Reading

Math Reasoning Training Framework for Qwen-based Vision-Language Models

An open-source end-to-end training framework for fine-tuning Qwen vision-language models on math reasoning datasets, integrating LoRA efficient fine-tuning, chain-of-thought prompting, and custom evaluation metrics.

Qwen视觉语言模型数学推理LoRA微调链式思维多模态大模型PEFTHuggingFace

Published 2026-04-30 07:32Recent activity 2026-04-30 10:00Estimated read 7 min

Section 01

Guide to the Math Reasoning Training Framework for Qwen-based Vision-Language Models

qwen-reasoning is an open-source end-to-end training framework focused on enhancing the math reasoning capabilities of Qwen vision-language models. Targeting math problems in image form (e.g., handwritten formulas, geometric figures), this framework integrates LoRA efficient fine-tuning, chain-of-thought prompting, and custom evaluation metrics to provide a complete fine-tuning workflow, addressing the challenges of multimodal large models in math reasoning tasks.

Section 02

Project Background and Core Objectives

Traditional text-based large models have demonstrated strong capabilities in handling math problems, but when faced with math problems in image form (e.g., handwritten formulas, geometric figures, exam paper screenshots), they need both visual understanding and logical reasoning abilities. The core objective of this project is to provide a complete fine-tuning solution that enables models to understand math problems in images and perform step-by-step reasoning.

Section 03

Core Technical Architecture and Methods

Model Construction and LoRA Configuration

LoRA fine-tuning is implemented using the PEFT library. The visual encoder parameters are frozen, and LoRA adapters (rank 16, scaling factor 32) are only injected into the attention layers of the language model (q_proj, k_proj, v_proj, o_proj), balancing memory efficiency, fast convergence, and flexible deployment.

Dataset Processing and Chain-of-Thought Prompting

Using a dedicated data loader and chain-of-thought prompting strategy, training samples with detailed reasoning processes are constructed (prompt template: User: [Image] Solve the math problem presented in the image. Think step-by-step.
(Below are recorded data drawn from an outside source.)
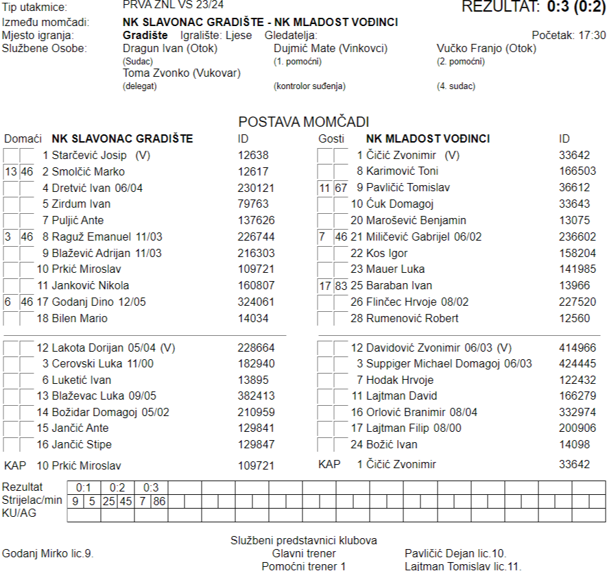 1 13.08.2023 17:30 Gradište NK Slavonac Gradište – NK Mladost Vođinci 0:3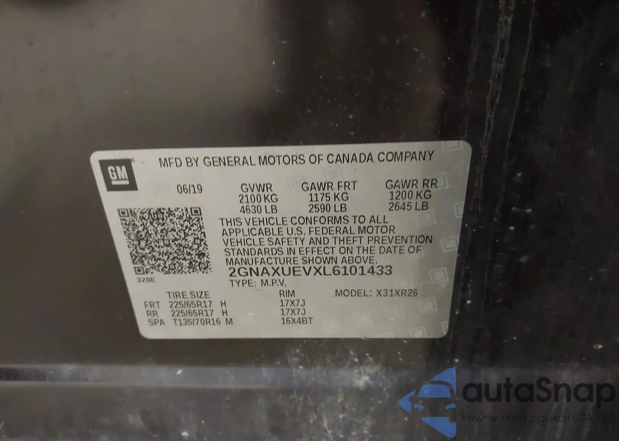 • VIN 2GNAXUEVXL6101433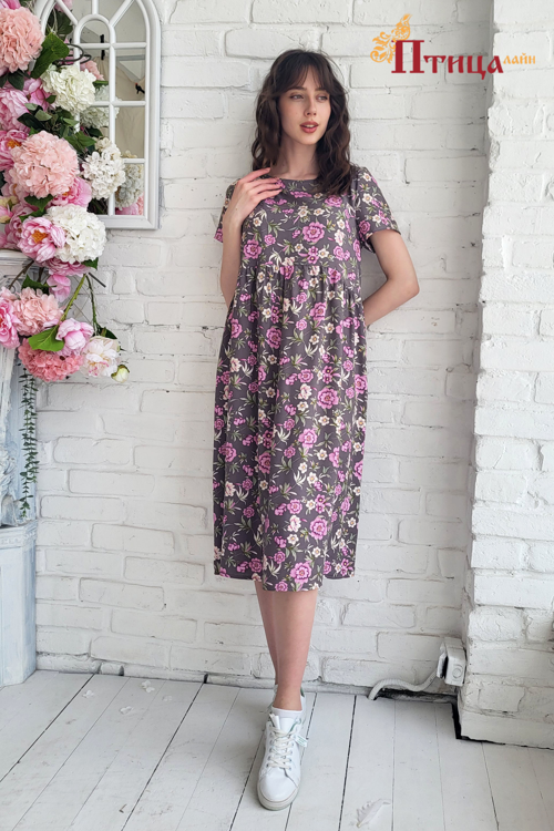 Платье женское отрезное с завышенной линией талии, линия талии по полочке находится под грудью, а по спинке на уровне талии, переход плавный и очень эффектный. Юбка прямая с карманами в боковом шве, равномерна...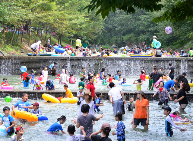 폭염경보가 발효중인 18일 완주군 고산자연휴양림을 찾은 아이들과 시민들이 물놀이를 하며 더위를 식히고 있다.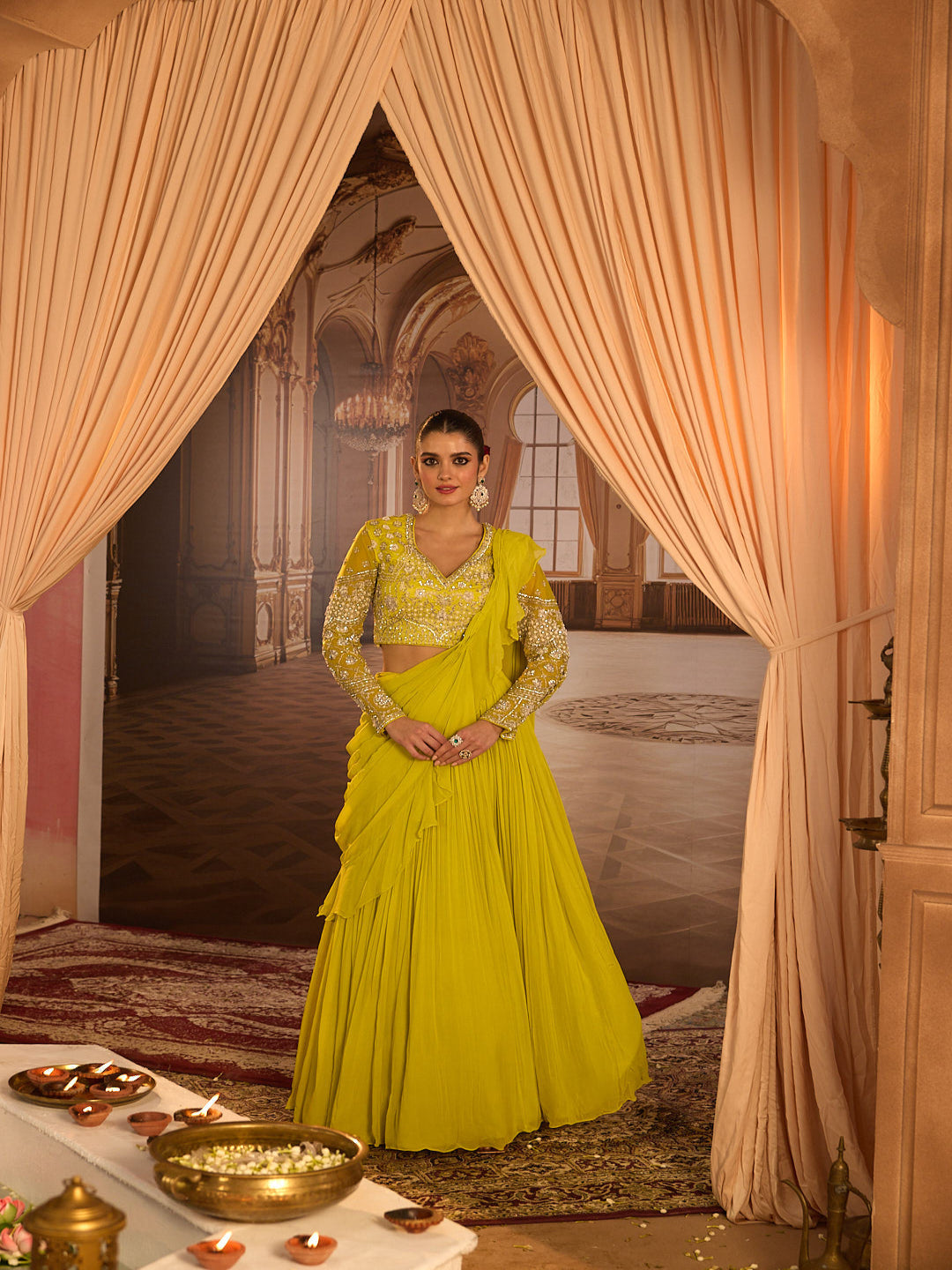 Neerus Variyali Green Embroidery Work Georgette Fabric Ghagra Set Beautifully crafted with intricate embroidery work, this ghagra set is sure to turn heads wherever you go.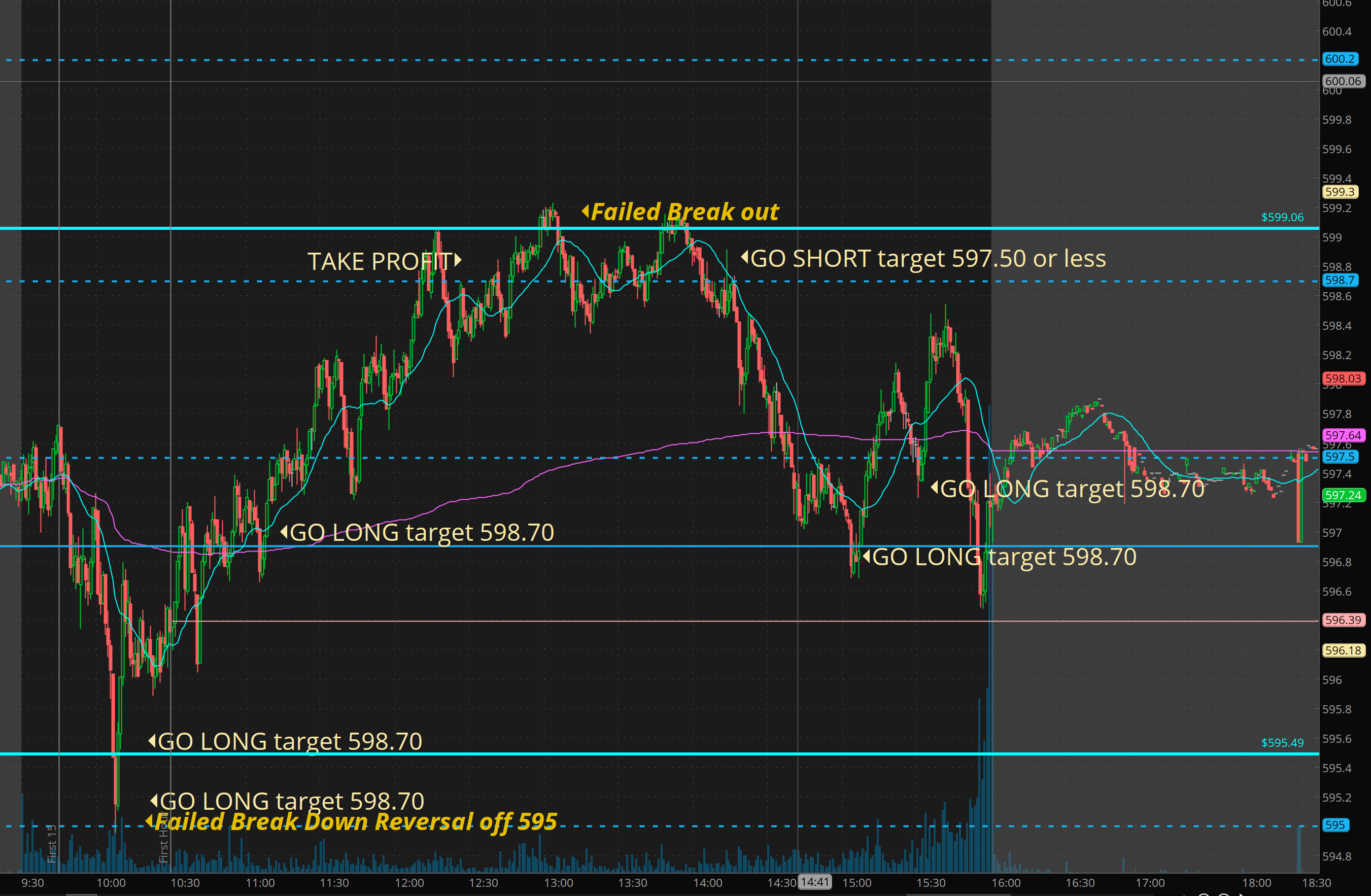 SPY - tight consolidation day with a fast dip into 595 and then pop back into 599. Follow the levels really well. We secured a nice short in the afternoon and 2 10 baggers to the upside as well.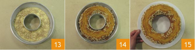 Distribute the pine nuts on top 13 and bake the cake in a preheated static oven at 356°F for about 35 minutes. Once cooked, remove the ricotta ring cake with honey and pine nuts from the oven 14, let it cool slightly before unmolding and serving it 15.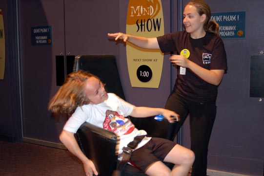 ...and gets spun around in a chair that was supposed to make him dizzy. No such luck.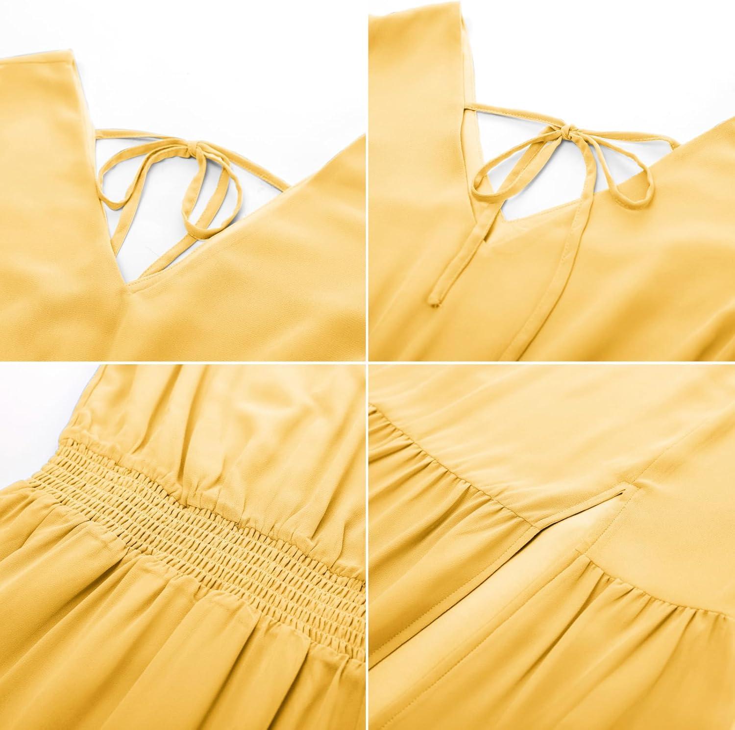 imageGRACE KARIN Womens V Neck Ruffle Sleeve Summer Dress 2025 Split Flowy Tiered Midi Dress Wedding Guest Cocktail DressesLight Yellowplain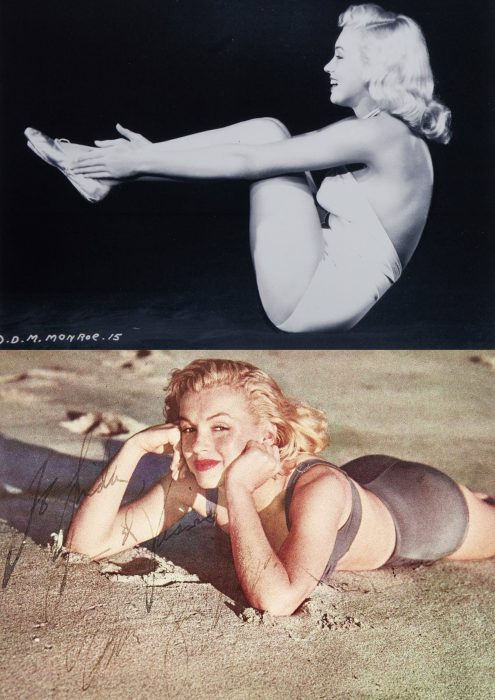 Above, at top: Original 1948 negative from Marilyn’s yoga layout with Edward Cronenweth while under contract at Columbia Pictures.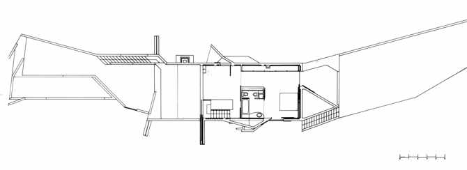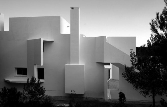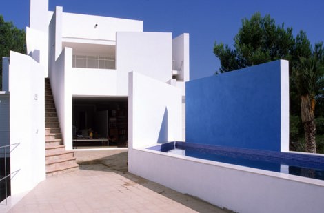 La vida interior está protegida; los patios –cerrados de las vistas exteriores– son abultamientos, dilataciones de los muros. Cuatro aletas se proyectan hacia fuera para recoger las divisiones temporales entre las terrazas y los espacios interiores. La piscina es una bañera gigante en un estar sin techo.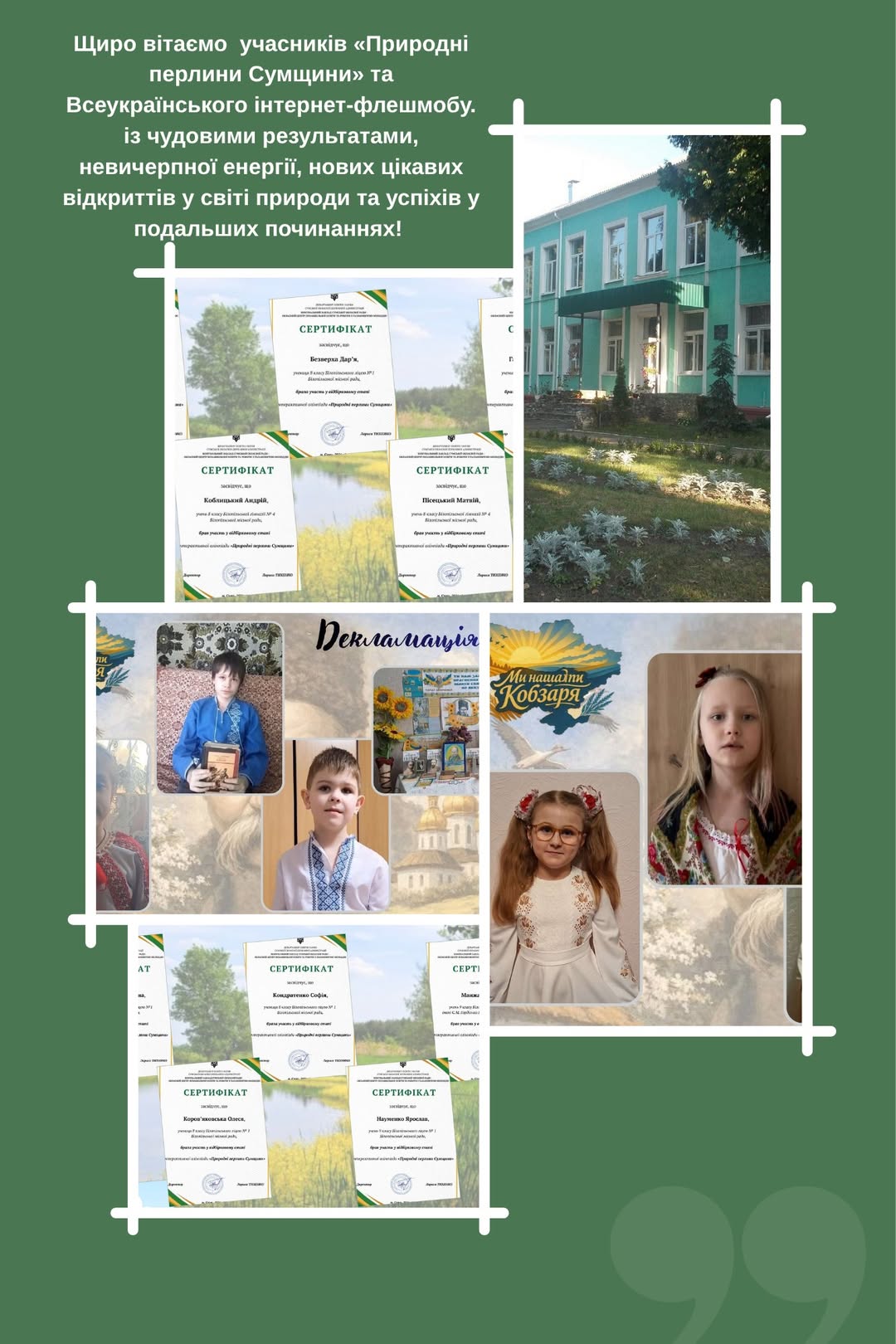 Щиро вітаємо учасників «Природні перлини Сумщини» та Всеукраїнського інтернет-флешмобу. із чудовими результатами, невичерпної енергії, нових цікавих відкриттів у світі природи та успіхів у подальших починаннях!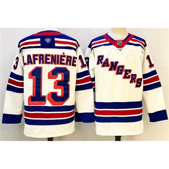 Men’s New York Rangers #13 Alexis Lafreniere White 2024-25 Away Stitched Hockey Jersey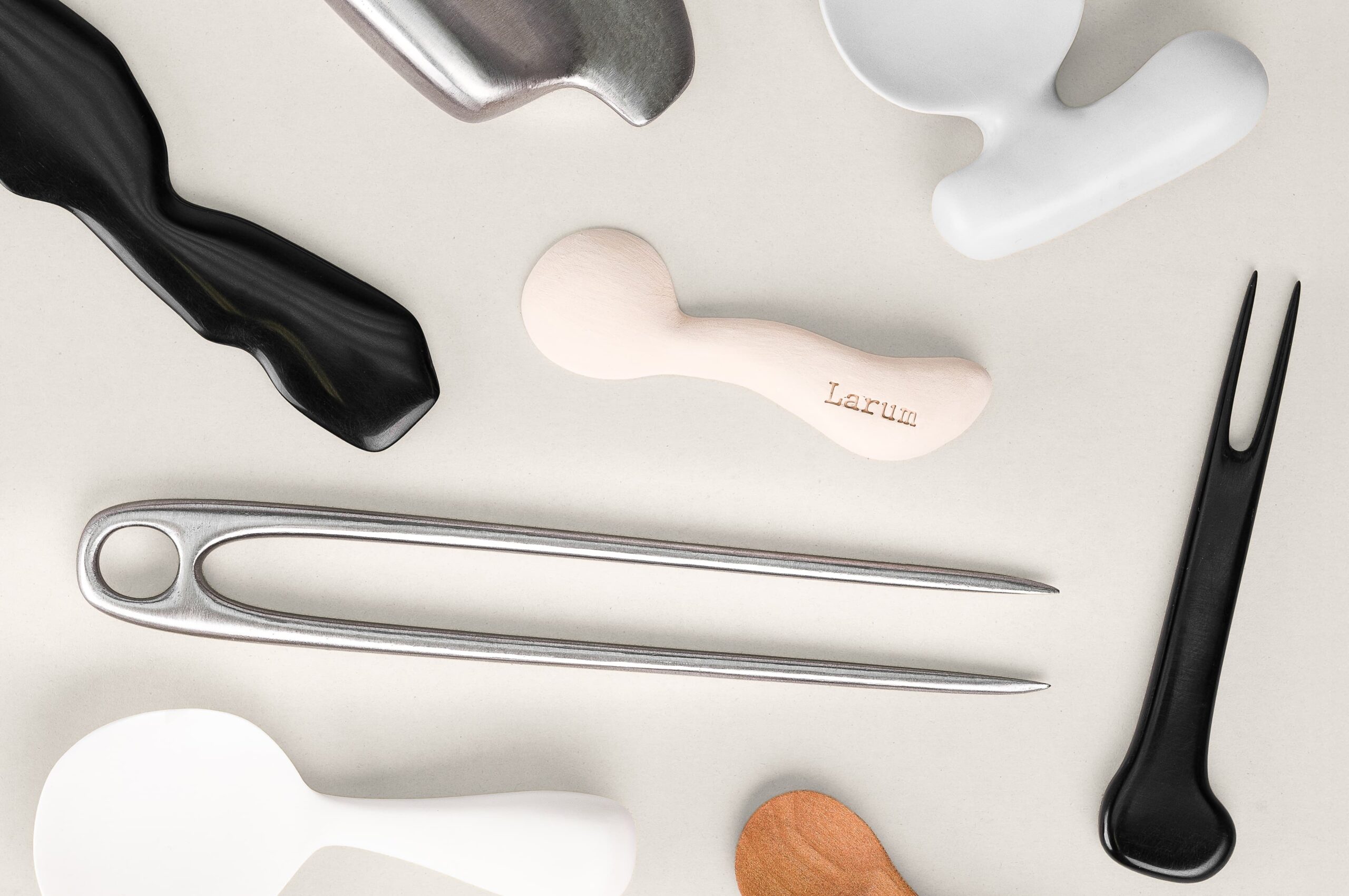 Die Art des Essens in der heutigen Zeit ist zunehmend von Hektik und mobiler Lebensweise geprägt. Formalität und Bewusstsein für die Mahlzeit verlieren an Bedeutung. Larum soll einen Ansatz darstellen, der sich kritisch mit der gegenwärtigen Esskultur auseinandersetzt und achtsames Essen fördert. Der Entwurf folgt dem Gedanken „Rückbesinnung auf das Wesentliche“ und orientiert sich an der Zeit, in der Mahlzeiten einen deutlich höheren Stellenwert hatten. Als Vorbilder dienen daher die ersten Essgeräte des Menschen. Larum soll nicht als standardisierte Begleitung der Nahrungsaufnahme verstanden werden, sondern als aktives Gestaltungselement, das Aufmerksamkeit erfordert und eine stärkere Wahrnehmung des Essens und des Moments ermöglicht.

Assistant: [Reasoning process] Final Answer: [Answer]), forcing the model to learn explicit reasoning steps.

Training Workflow

Based on the Hugging Face Trainer framework, strategies such as mixed-precision training, gradient accumulation (8 steps), and cosine annealing learning rate (initial 2e-5) are used to ensure training efficiency and performance.

Section 04

Innovative Evaluation Metric System

Reasoning Compliance Score

Check if the model output follows format specifications: using <think>...</think> to wrap the reasoning process, substantial reasoning content (≥10 characters), and closed tags—accounting for a total of 0.5 points.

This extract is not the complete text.